Une dimension patrimoniale
Implantés depuis de nombreuses décennies, (chantiers navals de La Ciotat créés en 1916, ceux de Port-de-Bouc en 1899, les premières industries autour de l’étang de Berre dès 1810…) les complexes industriels constituent désormais des paysages référents, devenus familiers pour les habitants du département. Certains sites sont devenus des objets patrimoniaux participant pleinement à l’identité du territoire.
Les chantiers navals de La Ciotat ont d’ailleurs obtenu le label Patrimoine du XXe siècle en 2000, reconnaissant leur rôle dans l’histoire sociale et industrielle de la ville et rendant hommage à la singularité du site. Les nefs (hangars à la charpente métallique et au parement en briques), les grues et le célèbre portique sont immanquables depuis les hauteurs, depuis la plage ou les calanques.
Au sein de la zone industrialo-portuaire de Fos-sur-Mer, plusieurs éléments ont également reçu ce label, parmi la multitude d’ouvrages industriels qui marquent le littoral et les rives de l’étang de Berre.
Ainsi de la Tour de Vigie-réservoir implantée sur le port pétrolier, dont la silhouette originale avec le réservoir en cône inversé et la tour en forme de potence, illustre le langage architectural des années 1960, expression de la modernité, avec l’emploi de béton brut et de formes assumées.
De même pour le pont ferroviaire de Caronte à Martigues, construit dans les années 1910 par Paul Séjourné, dynamité lors de la seconde guerre mondiale puis reconstruit à l’identique. C’est un ouvrage spectaculaire, dont les dimensions, le poids et la particularité d’être tournant étaient exceptionnels pour l’époque.

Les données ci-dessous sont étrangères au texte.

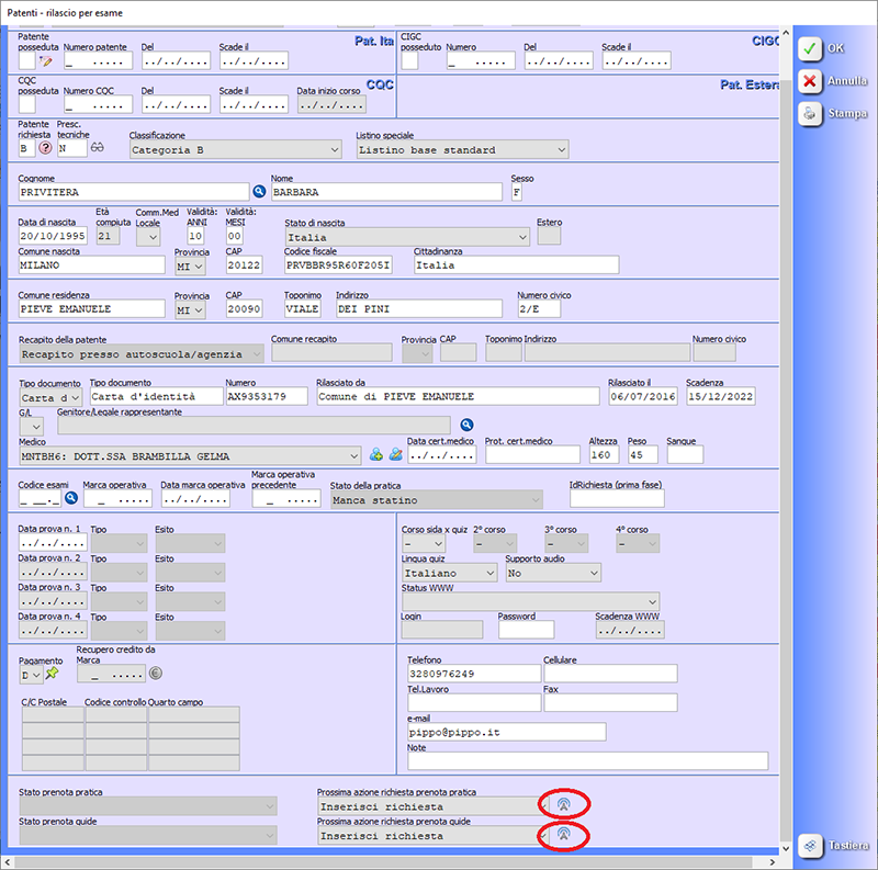 Situazione precedente: la data di rilascio della patente non era corretta in quanto relativa non al documento patente ma ricavata dalle abilitazioni, mentre la data scadenza non veniva ricavata e doveva essere inserita a mano, come da figura seguente:

On pourrait enfin citer le phare de Saint-Gervais à Fos-sur-Mer, dernier phare édifié sur le territoire français (1978), construit en béton armé et aujourd’hui classé au titre des Monuments Historiques.
Des territoires fortement artificialisés
Si leur implantation initiale est directement dépendante de la proximité de la Méditerranée, de la métropole marseillaise et des axes de transport, mais également d’une situation à l’intersection de l’arc méditerranéen et de l’axe rhodanien, l’Homme a ensuite largement remodelé les sites accueillant les complexes industrialo-portuaires.
Le développement des activités pétrochimiques, sidérurgiques et portuaires sur le littoral et les rives de l’étang de Berre ont artificialisé des surfaces importantes, initialement naturelles.
L’étang de Berre, plus vaste étang saumâtre d’Europe, a été l’un des plus pollués. La pêche y a été interdite en 1957 puis rétablie en 1994, redevenant aujourd’hui une activité à part entière.
Un travail de restauration écologique est aujourd’hui engagé et monopolise scientifiques, professionnels de l’aménagement et services de l’État. Dans le lointain les falaises claires rappellent la formation de l’étang : cuvette creusée par le vent et l’érosion pendant la dernière glaciation du Quaternaire, puis envahie par la montée des eaux.
Si les sites industriels ont su tisser des liens avec le territoire, et qu’ils y sont désormais ancrés, ils n’en demeurent pas moins « hors sol », déconnectés du socle naturel. Les quais du chenal de Caronte à Lavéra ont par exemple été gagnés sur l’eau par comblement, les terre-pleins des bassins est et ouest du GPMM ont modifié le trait de côte et l’exutoire de l’étang de Berre (passe de Caronte) a été transformé en chenal de navigation puis progressivement élargi pour s’adapter à l’évolution des bateaux.
De plus, la mise à distance volontaire pour des impératifs de sécurité (intrusion, nombreux sites SEVESO, nuisances et pollutions…) a imposé la mise en place de barbelés et clôtures diverses (parfois doubles clôtures), de friches et de terrains vagues, qui en font des entités à part, voire hermétiques. On trouve parfois dans ces espaces de transition des milieux naturels de grande valeur.